:: Dataset records ::
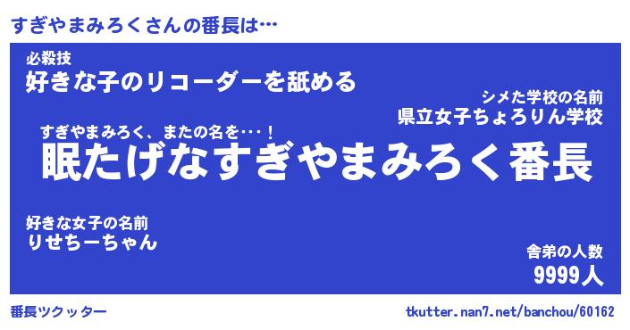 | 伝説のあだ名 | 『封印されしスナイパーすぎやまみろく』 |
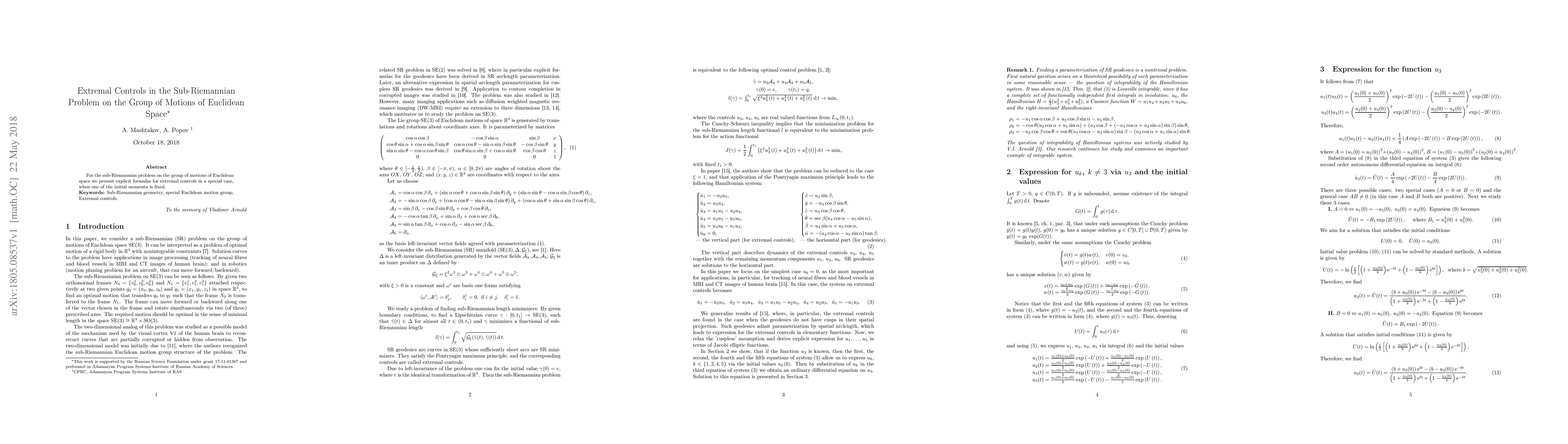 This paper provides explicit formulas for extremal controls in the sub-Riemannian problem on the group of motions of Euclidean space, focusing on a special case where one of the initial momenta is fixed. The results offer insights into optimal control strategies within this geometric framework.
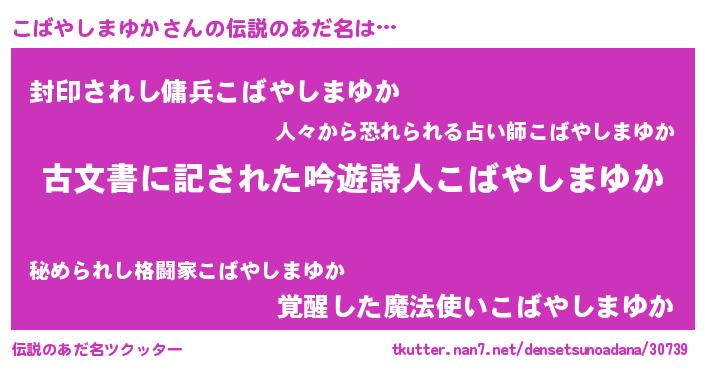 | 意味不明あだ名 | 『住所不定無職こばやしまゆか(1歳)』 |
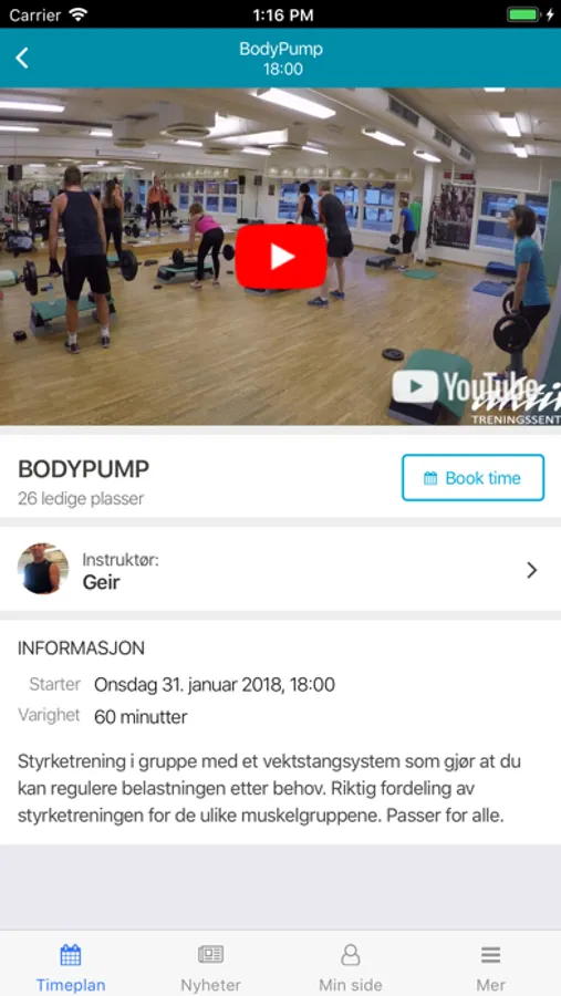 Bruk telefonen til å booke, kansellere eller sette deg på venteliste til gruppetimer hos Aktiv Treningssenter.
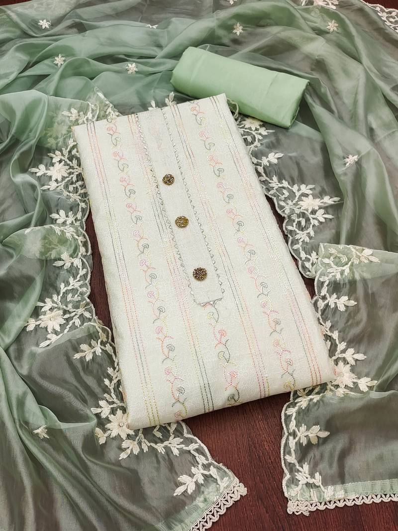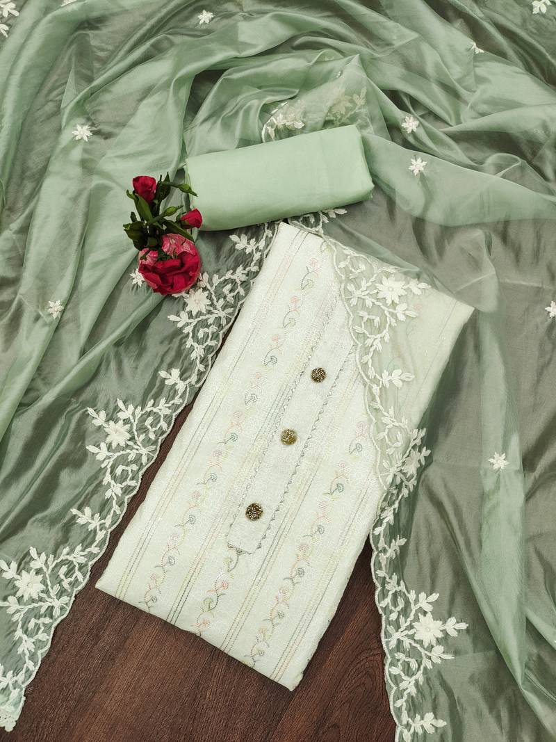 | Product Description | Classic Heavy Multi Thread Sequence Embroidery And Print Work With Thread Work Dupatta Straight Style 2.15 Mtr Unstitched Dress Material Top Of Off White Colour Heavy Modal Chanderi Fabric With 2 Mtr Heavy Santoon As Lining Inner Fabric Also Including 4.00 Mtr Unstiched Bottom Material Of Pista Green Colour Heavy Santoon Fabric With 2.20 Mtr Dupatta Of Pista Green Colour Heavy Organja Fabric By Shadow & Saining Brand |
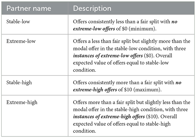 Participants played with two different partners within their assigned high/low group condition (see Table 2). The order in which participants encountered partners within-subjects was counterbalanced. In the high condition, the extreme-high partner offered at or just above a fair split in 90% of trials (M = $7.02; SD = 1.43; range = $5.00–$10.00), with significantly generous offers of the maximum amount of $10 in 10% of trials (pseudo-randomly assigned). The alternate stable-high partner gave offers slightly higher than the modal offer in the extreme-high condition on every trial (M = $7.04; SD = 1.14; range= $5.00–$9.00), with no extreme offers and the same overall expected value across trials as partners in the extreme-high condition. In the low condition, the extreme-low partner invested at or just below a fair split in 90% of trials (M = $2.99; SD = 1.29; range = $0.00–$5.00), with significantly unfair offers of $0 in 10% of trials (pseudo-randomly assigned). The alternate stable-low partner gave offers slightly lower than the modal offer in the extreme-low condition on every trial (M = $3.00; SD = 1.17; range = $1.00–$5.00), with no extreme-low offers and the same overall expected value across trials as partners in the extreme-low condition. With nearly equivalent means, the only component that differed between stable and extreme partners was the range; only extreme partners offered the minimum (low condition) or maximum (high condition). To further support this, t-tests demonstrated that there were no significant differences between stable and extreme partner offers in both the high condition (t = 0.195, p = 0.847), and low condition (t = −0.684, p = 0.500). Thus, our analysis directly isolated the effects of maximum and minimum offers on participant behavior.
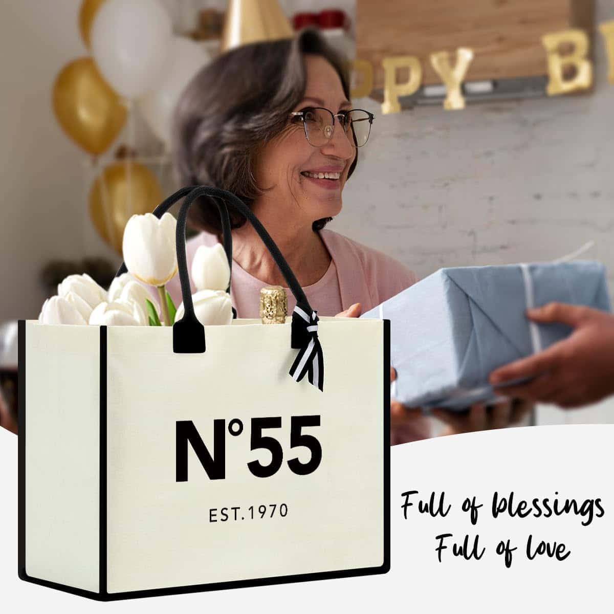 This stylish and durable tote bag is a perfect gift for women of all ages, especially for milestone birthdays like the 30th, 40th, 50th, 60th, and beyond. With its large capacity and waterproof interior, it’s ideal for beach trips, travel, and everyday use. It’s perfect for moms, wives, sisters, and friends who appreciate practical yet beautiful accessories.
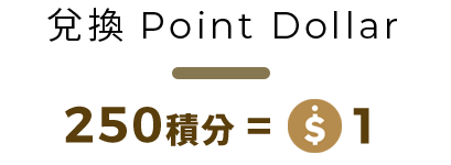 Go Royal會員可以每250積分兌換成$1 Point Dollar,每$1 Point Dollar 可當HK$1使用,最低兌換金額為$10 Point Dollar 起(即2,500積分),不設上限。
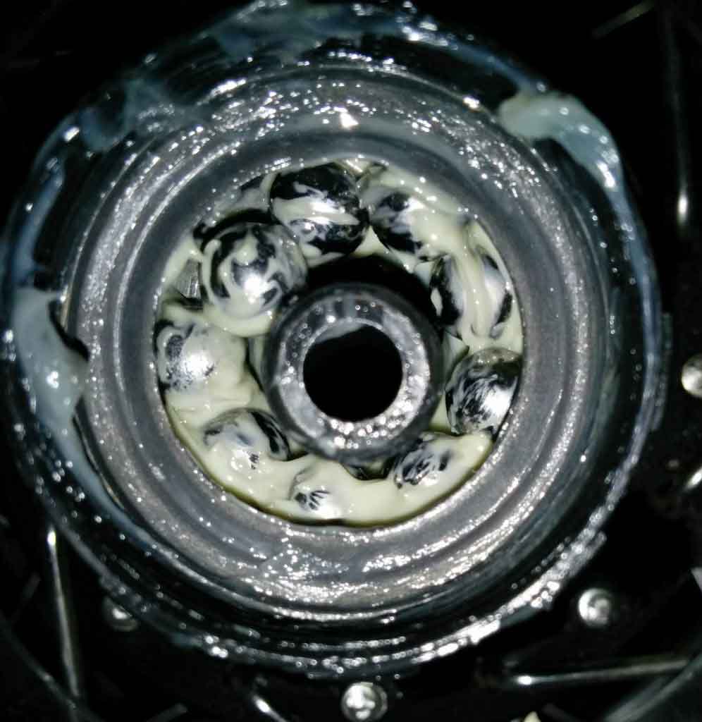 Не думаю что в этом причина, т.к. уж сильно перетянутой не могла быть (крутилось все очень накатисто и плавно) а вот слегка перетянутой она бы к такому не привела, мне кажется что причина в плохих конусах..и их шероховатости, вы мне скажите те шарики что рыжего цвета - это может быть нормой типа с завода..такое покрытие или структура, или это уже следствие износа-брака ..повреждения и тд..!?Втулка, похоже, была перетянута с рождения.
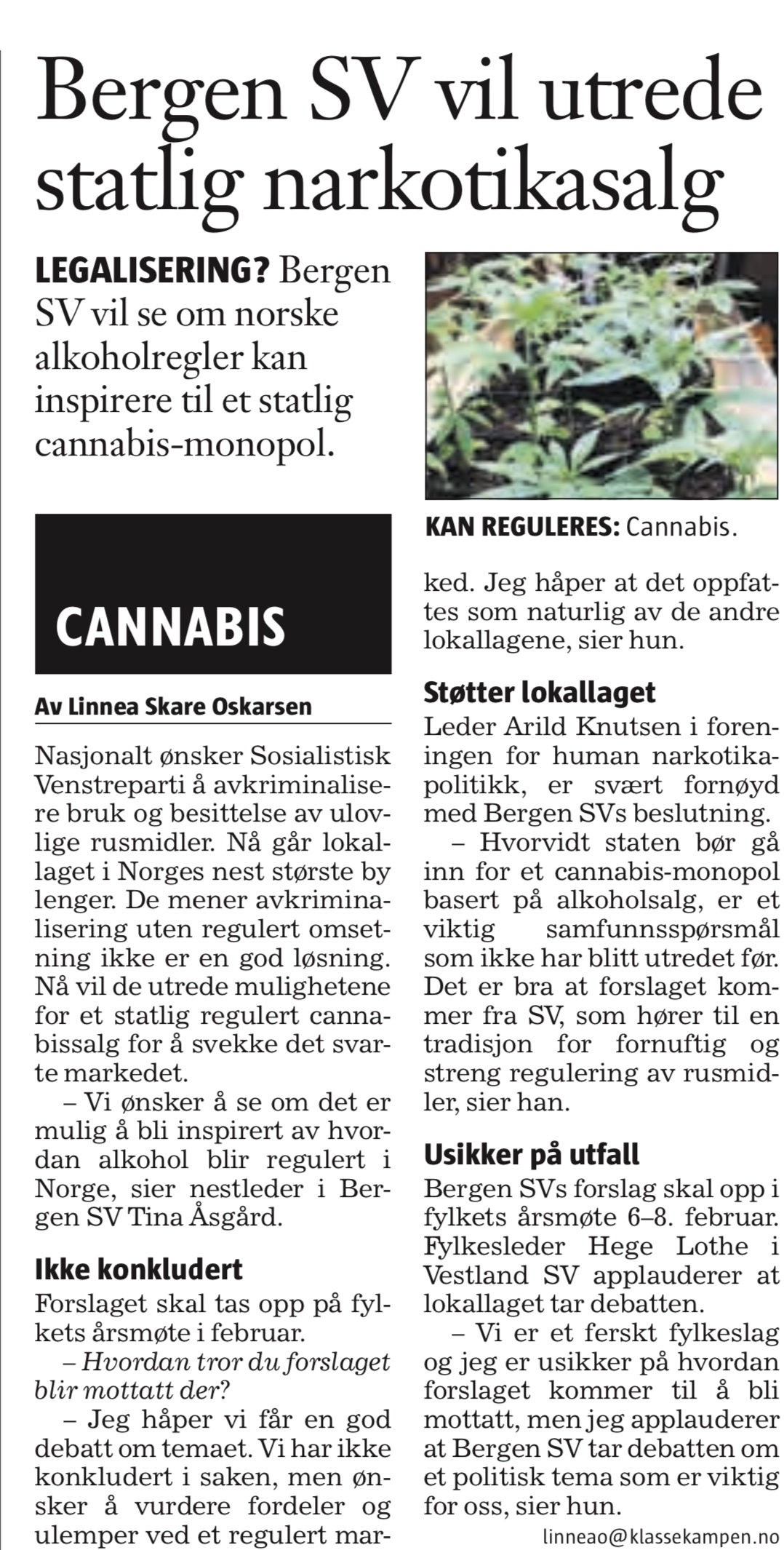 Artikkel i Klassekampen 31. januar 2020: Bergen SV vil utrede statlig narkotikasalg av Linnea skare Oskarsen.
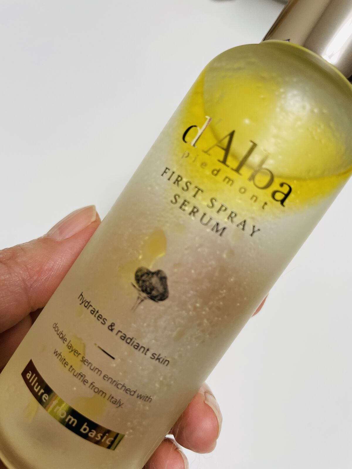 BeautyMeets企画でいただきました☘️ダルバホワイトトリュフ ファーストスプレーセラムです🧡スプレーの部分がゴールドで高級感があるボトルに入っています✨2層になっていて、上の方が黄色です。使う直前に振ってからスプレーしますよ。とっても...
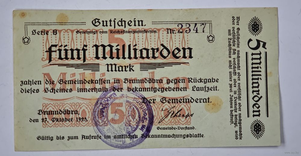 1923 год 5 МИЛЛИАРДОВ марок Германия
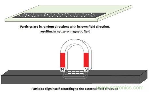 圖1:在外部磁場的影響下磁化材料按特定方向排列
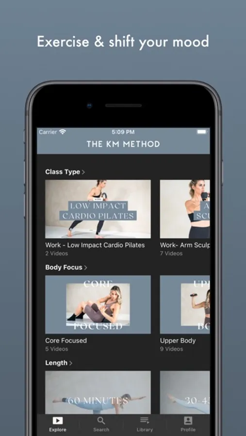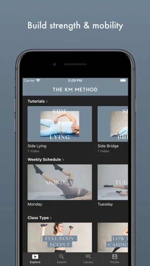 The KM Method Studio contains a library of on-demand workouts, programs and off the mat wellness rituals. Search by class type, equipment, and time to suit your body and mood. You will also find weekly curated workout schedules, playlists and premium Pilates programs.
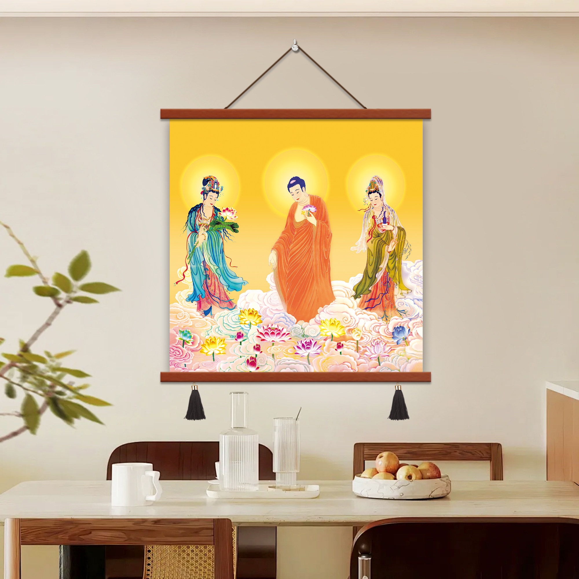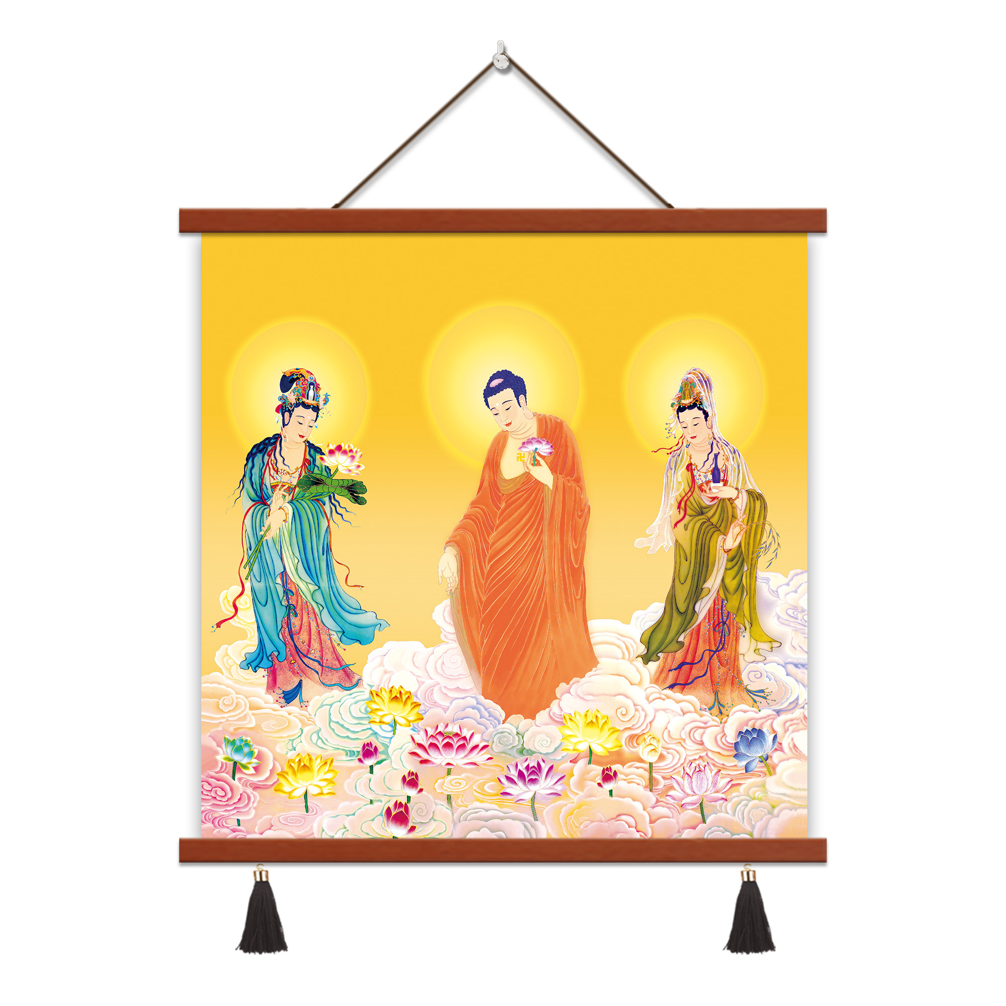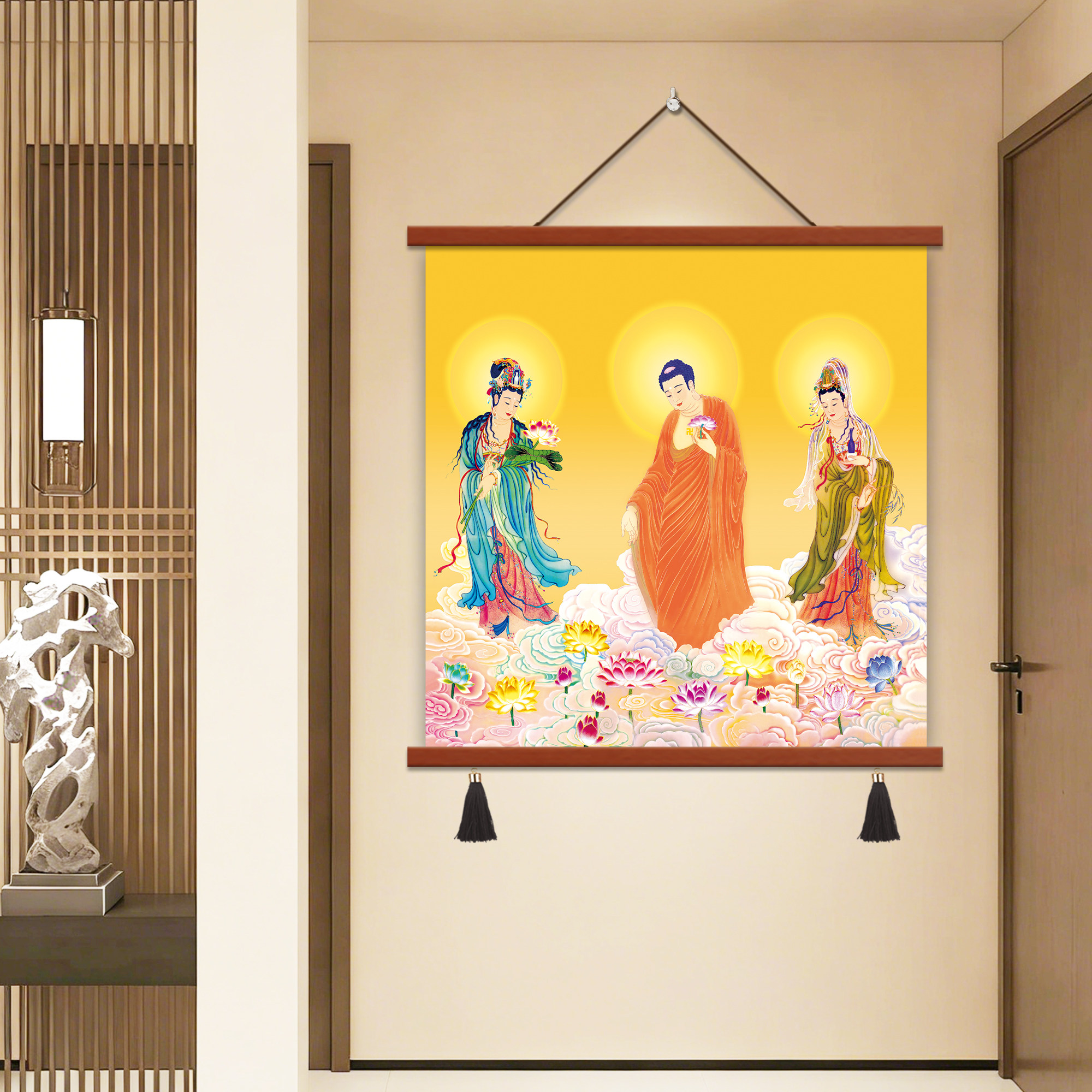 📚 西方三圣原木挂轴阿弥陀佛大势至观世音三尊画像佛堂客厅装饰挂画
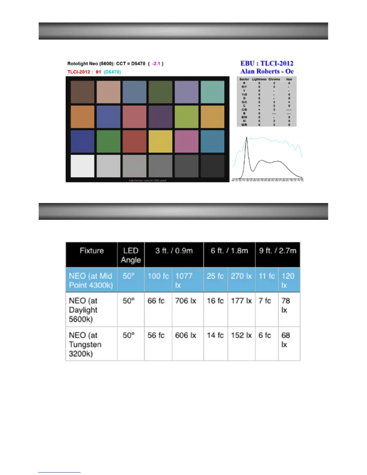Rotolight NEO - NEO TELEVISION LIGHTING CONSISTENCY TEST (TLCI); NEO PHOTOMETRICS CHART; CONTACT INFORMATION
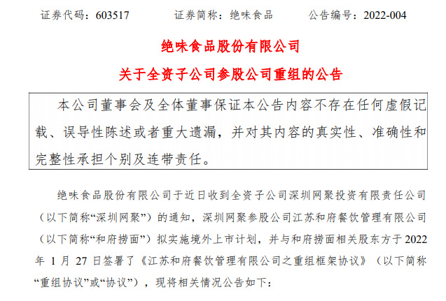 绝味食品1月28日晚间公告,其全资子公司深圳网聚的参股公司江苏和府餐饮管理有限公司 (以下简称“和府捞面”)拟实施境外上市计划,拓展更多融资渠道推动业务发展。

:: Required action ::
Lines from the one containing "Не думаю что" through the end of the entries above, both included, are to be written out exactly; no pictures and no other lines.

:: Response box ::
 Не думаю что в этом причина, т.к. уж сильно перетянутой не могла быть (крутилось все очень накатисто и плавно) а вот слегка перетянутой она бы к такому не привела, мне кажется что причина в плохих конусах..и их шероховатости, вы мне скажите те шарики что рыжего цвета - это может быть нормой типа с завода..такое покрытие или структура, или это уже следствие износа-брака ..повреждения и тд..!?Втулка, похоже, была перетянута с рождения.
 Artikkel i Klassekampen 31. januar 2020: Bergen SV vil utrede statlig narkotikasalg av Linnea skare Oskarsen.
 BeautyMeets企画でいただきました☘️ダルバホワイトトリュフ ファーストスプレーセラムです🧡スプレーの部分がゴールドで高級感があるボトルに入っています✨2層になっていて、上の方が黄色です。使う直前に振ってからスプレーしますよ。とっても...
 1923 год 5 МИЛЛИАРДОВ марок Германия
 圖1:在外部磁場的影響下磁化材料按特定方向排列
 The KM Method Studio contains a library of on-demand workouts, programs and off the mat wellness rituals. Search by class type, equipment, and time to suit your body and mood. You will also find weekly curated workout schedules, playlists and premium Pilates programs.
 📚 西方三圣原木挂轴阿弥陀佛大势至观世音三尊画像佛堂客厅装饰挂画
Rotolight NEO - NEO TELEVISION LIGHTING CONSISTENCY TEST (TLCI); NEO PHOTOMETRICS CHART; CONTACT INFORMATION
 绝味食品1月28日晚间公告,其全资子公司深圳网聚的参股公司江苏和府餐饮管理有限公司 (以下简称“和府捞面”)拟实施境外上市计划,拓展更多融资渠道推动业务发展。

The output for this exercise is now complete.